WHAT THIS TASK INVOLVES
Using the listing below, set down each line from the line containing "marinho romântico flores" through the line containing "采用更先進(jìn)的電化學", both ends included, exactly and with nothing added.

[[ THE RECORDS, beginning ]]

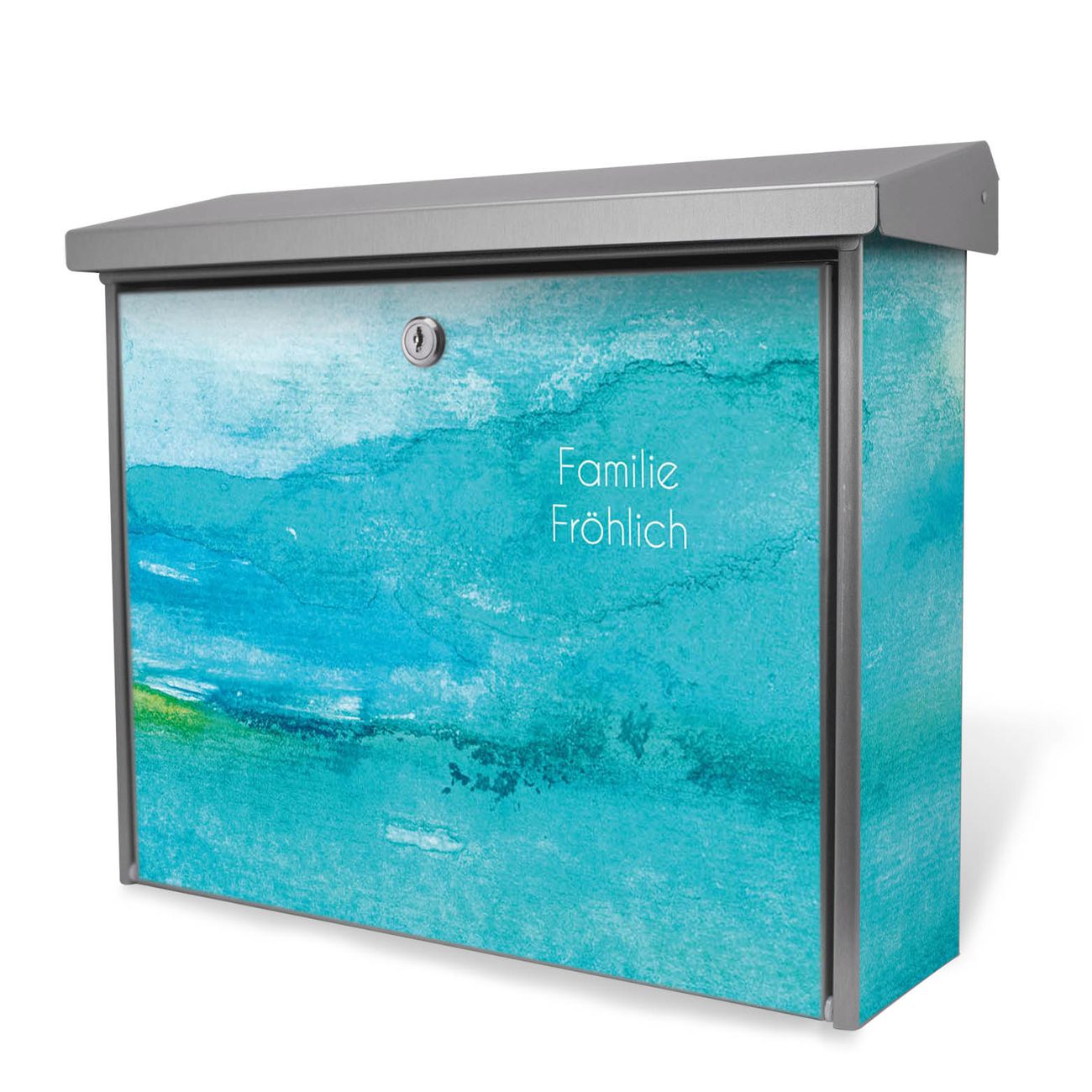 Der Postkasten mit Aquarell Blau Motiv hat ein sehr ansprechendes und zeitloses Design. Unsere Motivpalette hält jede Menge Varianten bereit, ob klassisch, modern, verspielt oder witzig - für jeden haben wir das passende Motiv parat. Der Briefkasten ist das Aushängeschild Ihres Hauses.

[[ THE RECORDS, end ]]
[[ THE RECORDS, beginning ]]

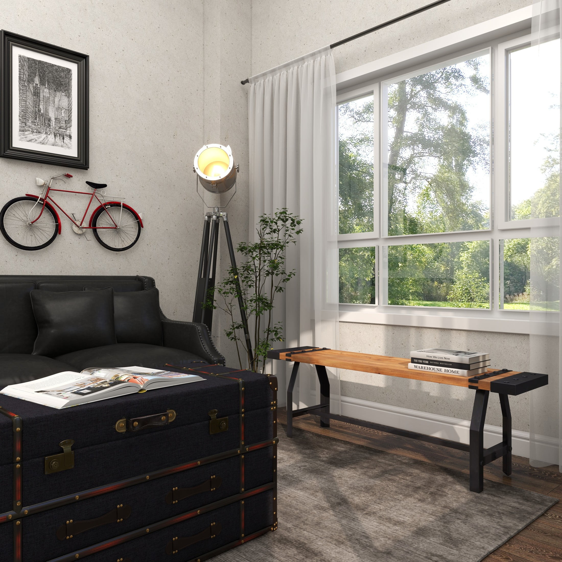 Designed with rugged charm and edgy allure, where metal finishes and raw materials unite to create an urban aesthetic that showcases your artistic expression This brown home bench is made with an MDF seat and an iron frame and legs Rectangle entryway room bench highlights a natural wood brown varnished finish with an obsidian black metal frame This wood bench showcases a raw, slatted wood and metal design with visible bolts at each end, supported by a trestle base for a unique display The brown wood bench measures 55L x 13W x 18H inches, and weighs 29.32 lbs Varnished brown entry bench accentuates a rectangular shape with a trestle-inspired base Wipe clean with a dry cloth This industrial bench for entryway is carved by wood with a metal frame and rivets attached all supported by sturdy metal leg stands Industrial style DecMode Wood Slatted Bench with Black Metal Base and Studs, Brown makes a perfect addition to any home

[[ THE RECORDS, end ]]
[[ THE RECORDS, beginning ]]

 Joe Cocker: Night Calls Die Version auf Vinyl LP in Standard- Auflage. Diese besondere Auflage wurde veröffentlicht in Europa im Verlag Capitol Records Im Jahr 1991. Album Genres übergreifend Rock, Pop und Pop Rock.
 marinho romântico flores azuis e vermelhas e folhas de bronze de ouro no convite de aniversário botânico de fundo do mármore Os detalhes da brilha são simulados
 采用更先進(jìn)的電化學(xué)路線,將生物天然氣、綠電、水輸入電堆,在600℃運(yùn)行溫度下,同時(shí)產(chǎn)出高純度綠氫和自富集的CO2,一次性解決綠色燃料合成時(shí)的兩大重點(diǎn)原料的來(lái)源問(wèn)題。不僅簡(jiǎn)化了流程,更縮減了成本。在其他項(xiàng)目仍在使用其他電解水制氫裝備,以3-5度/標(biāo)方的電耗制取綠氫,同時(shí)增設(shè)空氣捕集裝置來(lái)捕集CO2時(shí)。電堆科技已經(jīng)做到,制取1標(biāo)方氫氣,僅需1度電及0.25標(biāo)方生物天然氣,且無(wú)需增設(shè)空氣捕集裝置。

[[ THE RECORDS, end ]]

ANSWER SPACE
 marinho romântico flores azuis e vermelhas e folhas de bronze de ouro no convite de aniversário botânico de fundo do mármore Os detalhes da brilha são simulados
 采用更先進(jìn)的電化學(xué)路線,將生物天然氣、綠電、水輸入電堆,在600℃運(yùn)行溫度下,同時(shí)產(chǎn)出高純度綠氫和自富集的CO2,一次性解決綠色燃料合成時(shí)的兩大重點(diǎn)原料的來(lái)源問(wèn)題。不僅簡(jiǎn)化了流程,更縮減了成本。在其他項(xiàng)目仍在使用其他電解水制氫裝備,以3-5度/標(biāo)方的電耗制取綠氫,同時(shí)增設(shè)空氣捕集裝置來(lái)捕集CO2時(shí)。電堆科技已經(jīng)做到,制取1標(biāo)方氫氣,僅需1度電及0.25標(biāo)方生物天然氣,且無(wú)需增設(shè)空氣捕集裝置。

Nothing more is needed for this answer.